The problems start early, with mumbo jumbo about us being the seeds of an alien race (SF cliché #1), a notion that depends on us believing that there was an ancient civilisation based on the Isle of Skye 35,000 years ago. Funny, there isn’t one based there today. Sorry, Skye folk, I’m really only joking. Why can’t we leave that discredited and old fashioned stuff behind us and get on with the real joys of the universe? Does anyone still seriously think Erich von Däniken might have a point?
I wouldn’t have minded if it all hadn’t been so… predictable. Alien infection (SF cliché #2); alien impregnation (SF cliché #3); double dealing android (SF cliché #4). Every single step of the way is SF 101.
And never mind the predictabilities – what about the stupidities? Why do “scientists” always take their helmets off as soon as they’re told the atmosphere is breathable, regardless of whatever pathogens might be lurking? And why, when they’re ‘infected’, do they always wait just long enough to turn into something horrible before telling anyone? They’re meant to be scientists, for God’s sake, and one of them, apparently, has lost her father to Ebola, so should know a thing or two about quarantine and sterilisation.
And here’s one for you. Imagine you see a hundred foot structure toppling towards you.
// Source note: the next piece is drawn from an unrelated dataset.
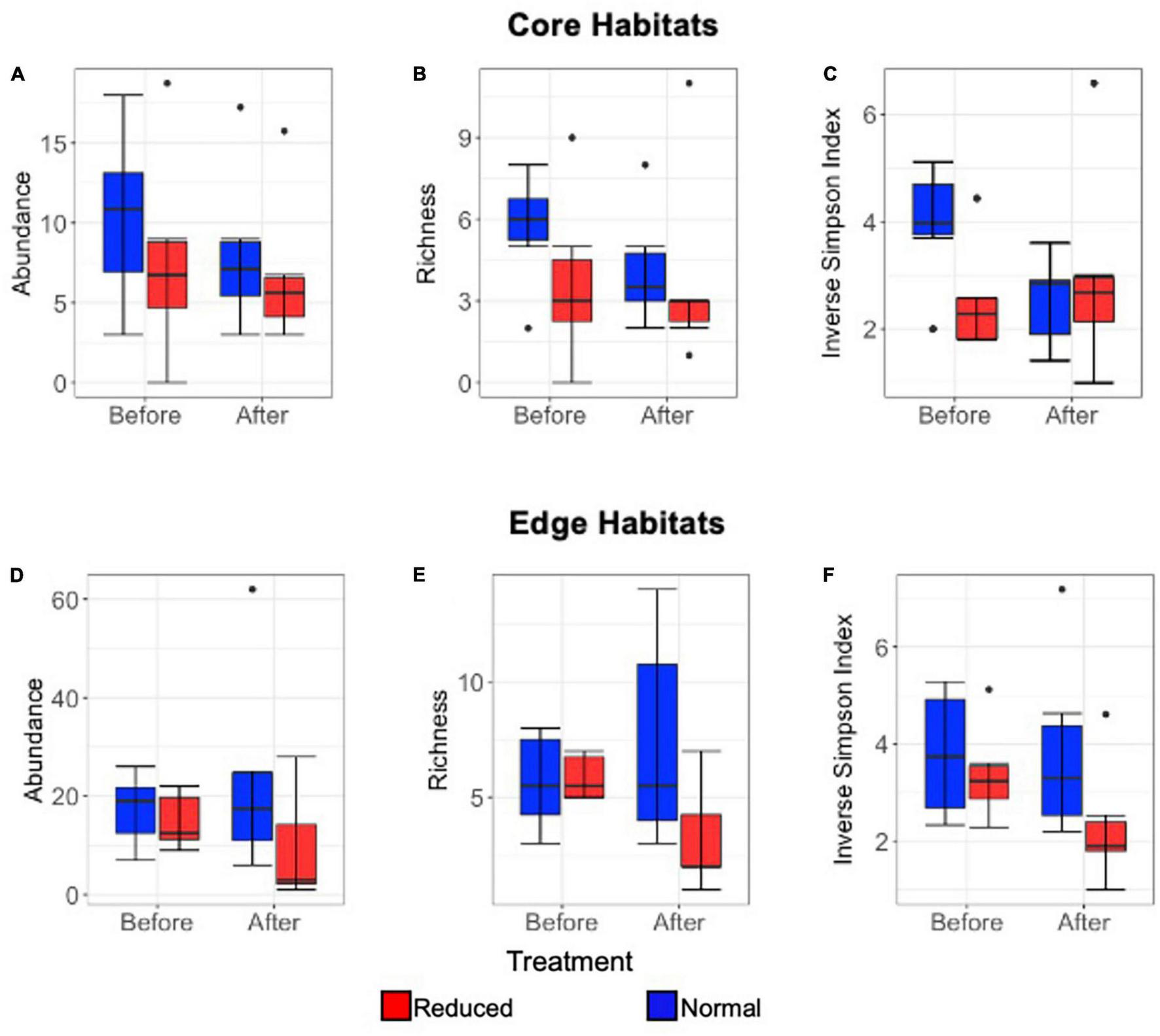 Figure 4. Box and whisker plots comparing short-term (2014 only) Lepidoptera mean abundance per transect (A), richness (to morphospecies level) (B), and inverse Simpson Index (C) immediately 2014-Pre and 2014-Post application of Reduced (red) and Normal (blue) treatments (A–C) in Core habitats, and in Edge habitats for mean abundance per transect (D), richness (to morphospecies level) (E), inverse Simpson Index (F). Median, interquartile range, range, and outliers are given.

Would you avoid it by (a) trying to outpace it by running a hundred and one feet in the direction it’s falling, or (b) sidestep it by moving ten or twenty feet to your left? What do our super-intelligent and resourceful characters do? Have a guess.
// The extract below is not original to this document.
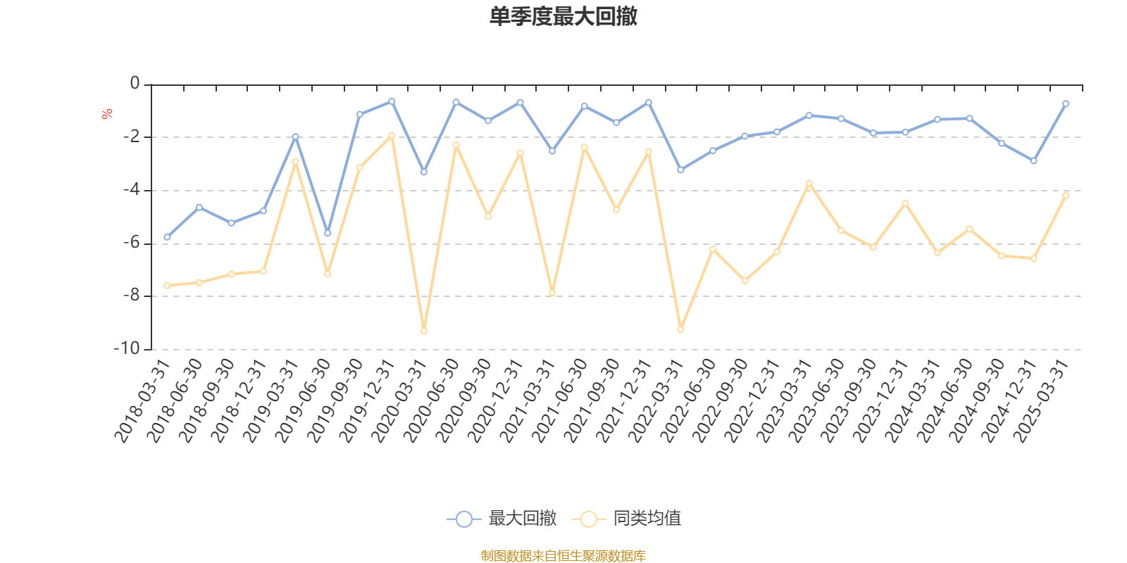 截至4月3日,基金近三年最大回撤为4.14%,同类可比基金排名99/102。单季度最大回撤出现在2018年一季度,为5.76%。

Performances are adequate, no more. Noomi Rapace, so brilliant in the Dragon Tattoo series, mangles lines in an execrable script; for example, the Prometheus has a crew of 17, half of whom are off the ship when she radios back that “I want a full medical team at the cargo bay immediately” to save her expiring lover. Whatever happened to “get the doctor”? Michael Fassbender is being lauded for his performance as Peter O’Toole the Android, and I suppose he’s the best of the bunch. Charlize Theron manages to convey neither steeliness nor coquettishness – damn, I love her too – and her “that’s the natural cycle… father” is one of the least surprising surprises in the history of cinema. Idris Elba, always watchable, is… watchable, I suppose, and the rest are the usual bunch of expendable nobodies, including Scot Kate Dickie whose role, it seems, is that of Sigourney Weaver’s in “Galaxy Quest”, repeating what the computer tells us; “Sterilisation complete: no contaminants present” she says, right after a shot of a pad that reads “Sterilisation complete: no contaminants present”. Why these characters weren’t just dressed in tight fitting red uniforms to indicate they’d be done away with soon I do not know.
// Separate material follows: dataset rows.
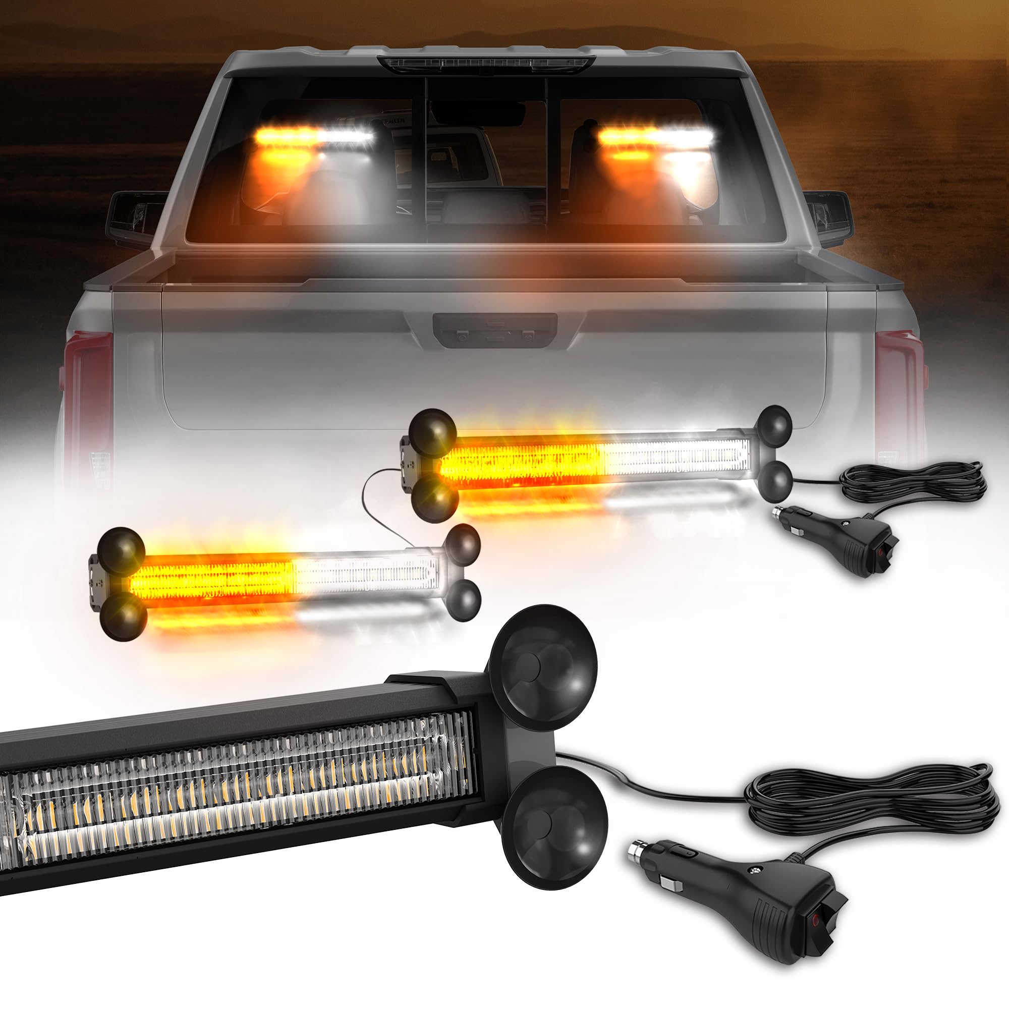 Super Visibility: Elevate your truck's safety with our 4-in-1 traffic advisor strobe light bar, 96 LED with wide optic lenses,offers a super bright light output.Brighter and more effective than standard Led Strobe Lights, Bright even in the daytime. With 26 flash modes, they ensure high Recognition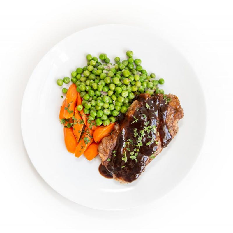 Is there anything more American than a prime piece of beef served with steak sauce and a side of peas and carrots? We didn't think so either! Bistro Steak is a tender cut of beef that comes from the front shoulder. With many similar qualities to a New York strip steak it's no wonder this cut has been an industry secret for years! Chef Pat always serves his sliced, and here it pairs perfectly with glazed carrots and sweet peas. This simple dinner hits the spot any night of the week!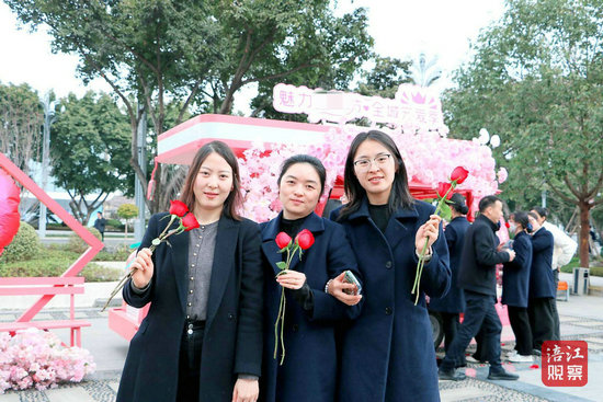 綿陽新聞網(wǎng)訊 “快看!那里有一輛粉色巴士!”3月6日中午,在園藝山集中辦公區(qū),一輛載滿粉色玫瑰的流動打卡車停在廣場上,聞訊而來的姑娘們將車圍得水泄不通。這輛“婦女節(jié)移動盲盒”特別班車,正在開啟一場春日限定的浪漫奇遇記。

There are some nice nods at the previous films – Fassbender wittily recreating that basketball scene on a bike, for instance – but the potential for any sort of lightness is lost in it’s portentiousness. So all that’s left, then, is the spectacle, and this is where the big let-down occurs in comparison with the original. Should prequels be bigger, more brash, more technologically cool, than the originals? Should they feel more advanced? I don’t know.
But apart from that, the beauty of Alien was its scuzziness, the fact that actors were crawling around a real set, were trapped in real access tubes. The Nostromo was a place of sweaty, dirty fear – an aesthetic that was so brilliantly captured in the “Alien” themed haunted houses that did the rounds for a while – while the world of Prometheus is one of grandeur and scale, and as a result you know it adds up to nothing more than pixels put together on a greenscreen.
A pity. I’d hoped for something with the verve of the first Alien; instead, it’s another CGI blockbuster without a heart to be ripped out of its chest by a wee nasty with an unusual set of chompers.